• [What you need to do]: Once you find the line with "Figure 11, Figure" in the data below, transcribe exactly each line from there to the line with "她上身Ulyana Sergeenko 2025春夏高定黑裙,秀场外搭配上维密白色羽毛翅膀,优雅与性感碰撞,适配度拉满了。", inclusive, and nothing else. Drop the pictures.

• [Records]:
════
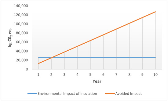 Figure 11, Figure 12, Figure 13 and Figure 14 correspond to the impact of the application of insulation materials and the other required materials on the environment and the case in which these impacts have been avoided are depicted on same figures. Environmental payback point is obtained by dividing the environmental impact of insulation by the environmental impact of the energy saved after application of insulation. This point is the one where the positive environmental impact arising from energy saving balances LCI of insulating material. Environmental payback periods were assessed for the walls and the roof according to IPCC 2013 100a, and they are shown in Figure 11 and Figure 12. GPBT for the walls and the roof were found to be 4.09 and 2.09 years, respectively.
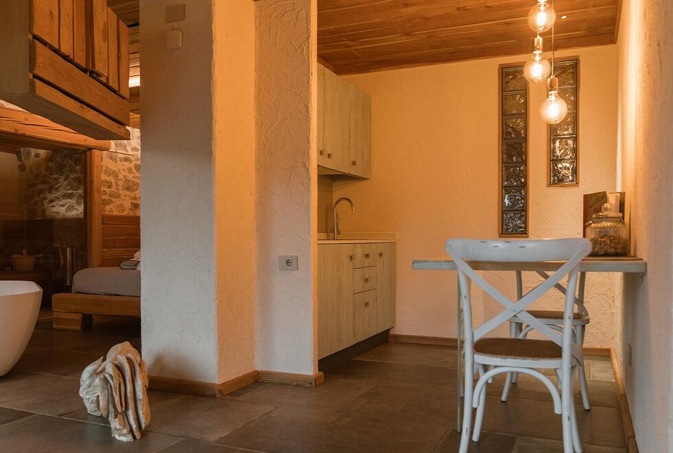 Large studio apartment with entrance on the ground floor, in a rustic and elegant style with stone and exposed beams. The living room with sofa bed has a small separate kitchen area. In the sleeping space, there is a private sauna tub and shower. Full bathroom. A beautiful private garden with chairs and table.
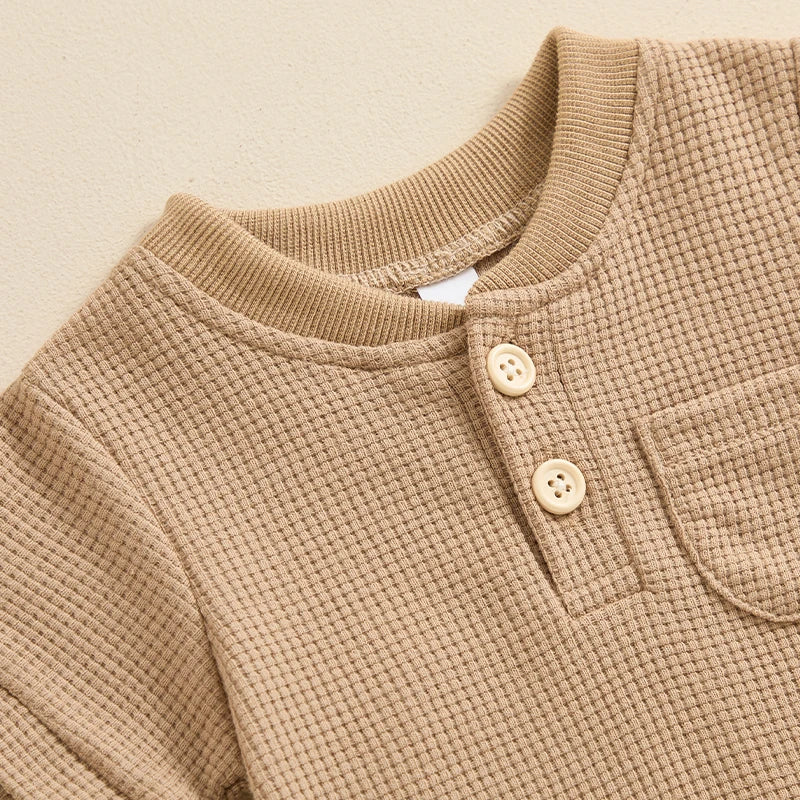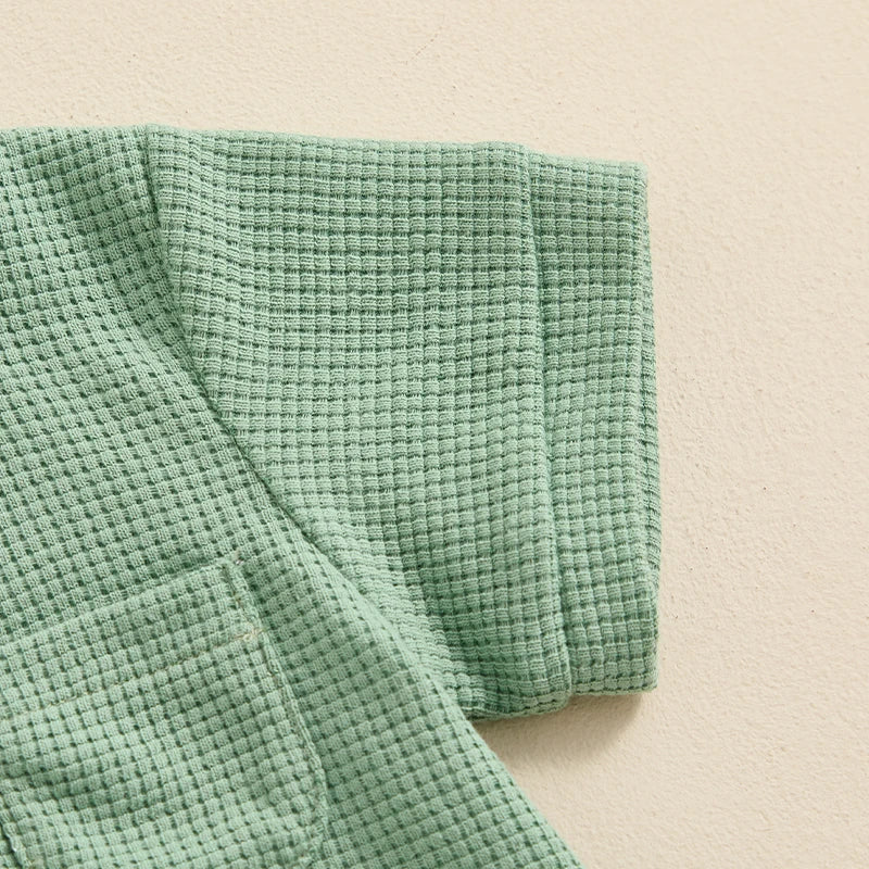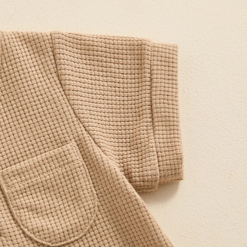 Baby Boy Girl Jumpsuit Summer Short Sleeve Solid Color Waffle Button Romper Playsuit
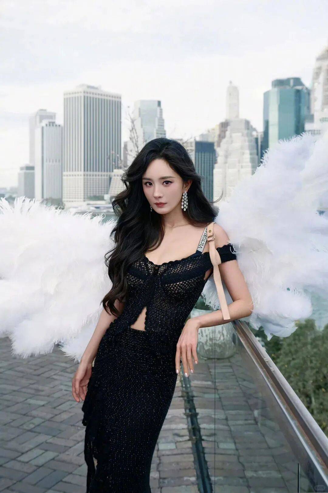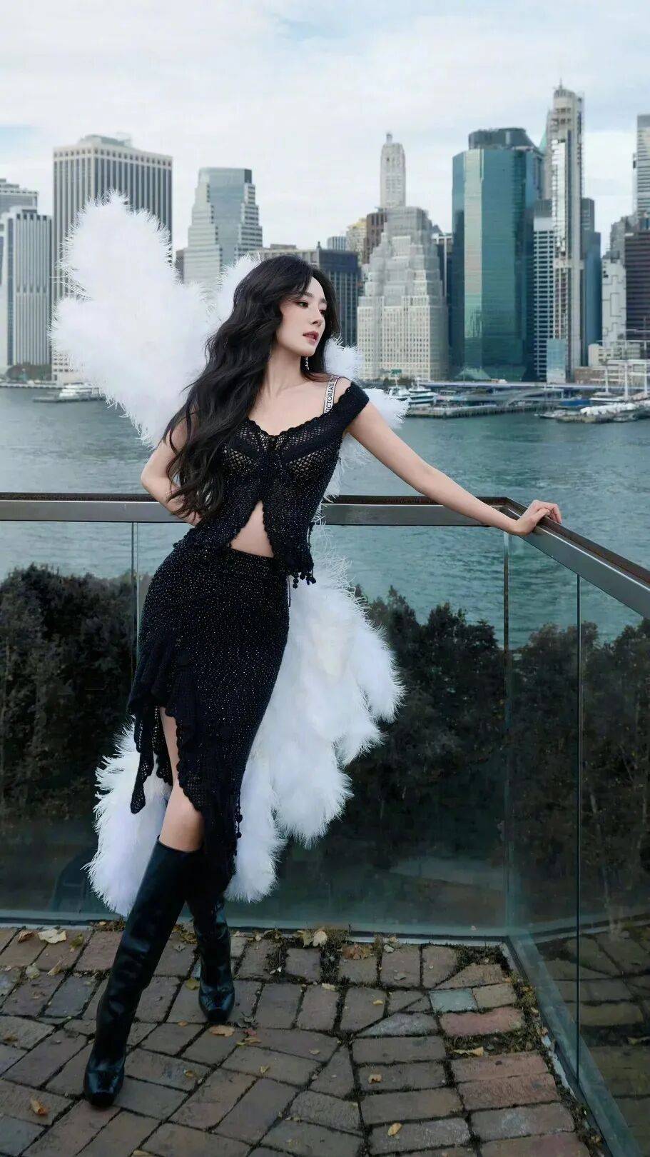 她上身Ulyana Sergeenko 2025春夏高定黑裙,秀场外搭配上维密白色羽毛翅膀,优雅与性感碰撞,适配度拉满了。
════
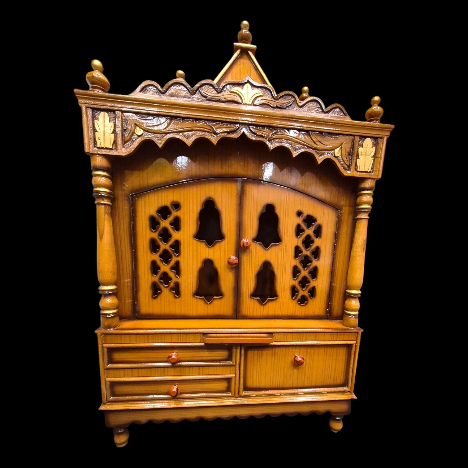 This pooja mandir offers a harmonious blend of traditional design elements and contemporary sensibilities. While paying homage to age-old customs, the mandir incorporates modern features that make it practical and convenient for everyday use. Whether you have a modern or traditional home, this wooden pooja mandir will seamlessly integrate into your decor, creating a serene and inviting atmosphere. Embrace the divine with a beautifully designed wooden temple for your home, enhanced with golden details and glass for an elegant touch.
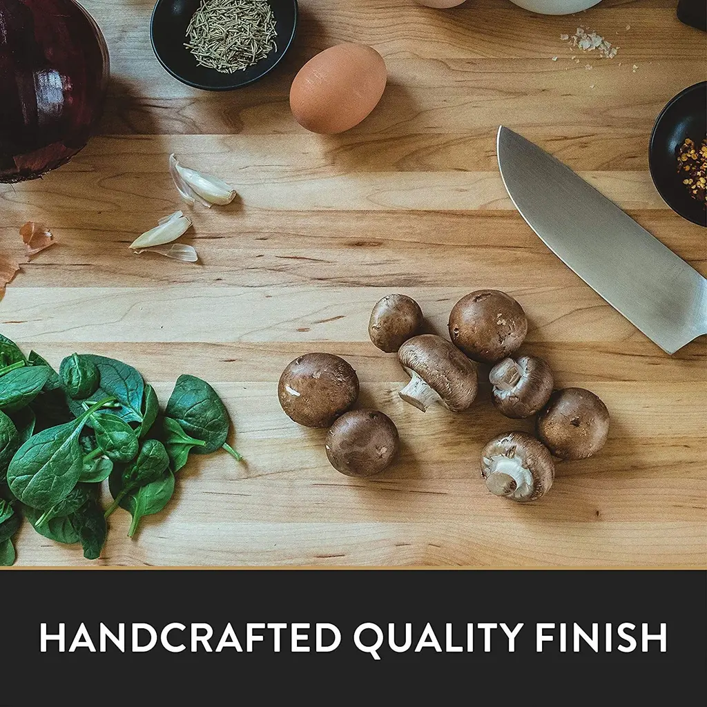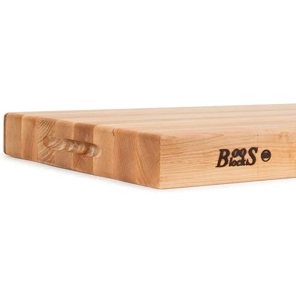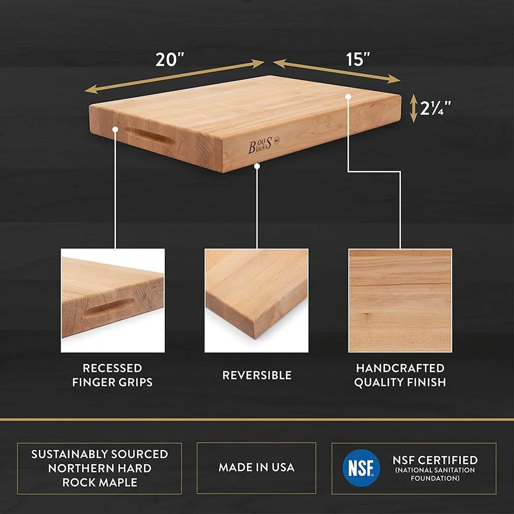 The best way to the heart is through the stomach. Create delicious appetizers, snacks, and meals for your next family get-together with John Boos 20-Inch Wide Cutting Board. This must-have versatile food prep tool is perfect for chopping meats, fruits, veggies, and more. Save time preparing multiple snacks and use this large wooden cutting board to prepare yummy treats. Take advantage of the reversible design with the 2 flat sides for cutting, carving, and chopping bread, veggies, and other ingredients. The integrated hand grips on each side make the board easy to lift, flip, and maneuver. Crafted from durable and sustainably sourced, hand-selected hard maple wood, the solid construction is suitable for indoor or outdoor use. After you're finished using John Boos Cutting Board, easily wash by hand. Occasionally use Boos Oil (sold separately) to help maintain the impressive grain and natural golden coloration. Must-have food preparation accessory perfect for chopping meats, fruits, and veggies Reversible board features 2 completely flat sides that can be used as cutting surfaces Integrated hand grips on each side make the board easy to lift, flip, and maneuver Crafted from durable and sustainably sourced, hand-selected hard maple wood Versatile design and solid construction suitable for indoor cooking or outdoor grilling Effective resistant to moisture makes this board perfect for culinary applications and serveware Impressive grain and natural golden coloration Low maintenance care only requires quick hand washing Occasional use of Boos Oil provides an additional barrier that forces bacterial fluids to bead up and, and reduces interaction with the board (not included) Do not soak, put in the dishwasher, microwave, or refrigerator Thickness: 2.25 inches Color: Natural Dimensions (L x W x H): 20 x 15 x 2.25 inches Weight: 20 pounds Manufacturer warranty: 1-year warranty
════
• [Answer to the problem]:
 Figure 11, Figure 12, Figure 13 and Figure 14 correspond to the impact of the application of insulation materials and the other required materials on the environment and the case in which these impacts have been avoided are depicted on same figures. Environmental payback point is obtained by dividing the environmental impact of insulation by the environmental impact of the energy saved after application of insulation. This point is the one where the positive environmental impact arising from energy saving balances LCI of insulating material. Environmental payback periods were assessed for the walls and the roof according to IPCC 2013 100a, and they are shown in Figure 11 and Figure 12. GPBT for the walls and the roof were found to be 4.09 and 2.09 years, respectively.
 Large studio apartment with entrance on the ground floor, in a rustic and elegant style with stone and exposed beams. The living room with sofa bed has a small separate kitchen area. In the sleeping space, there is a private sauna tub and shower. Full bathroom. A beautiful private garden with chairs and table.
 Baby Boy Girl Jumpsuit Summer Short Sleeve Solid Color Waffle Button Romper Playsuit
 她上身Ulyana Sergeenko 2025春夏高定黑裙,秀场外搭配上维密白色羽毛翅膀,优雅与性感碰撞,适配度拉满了。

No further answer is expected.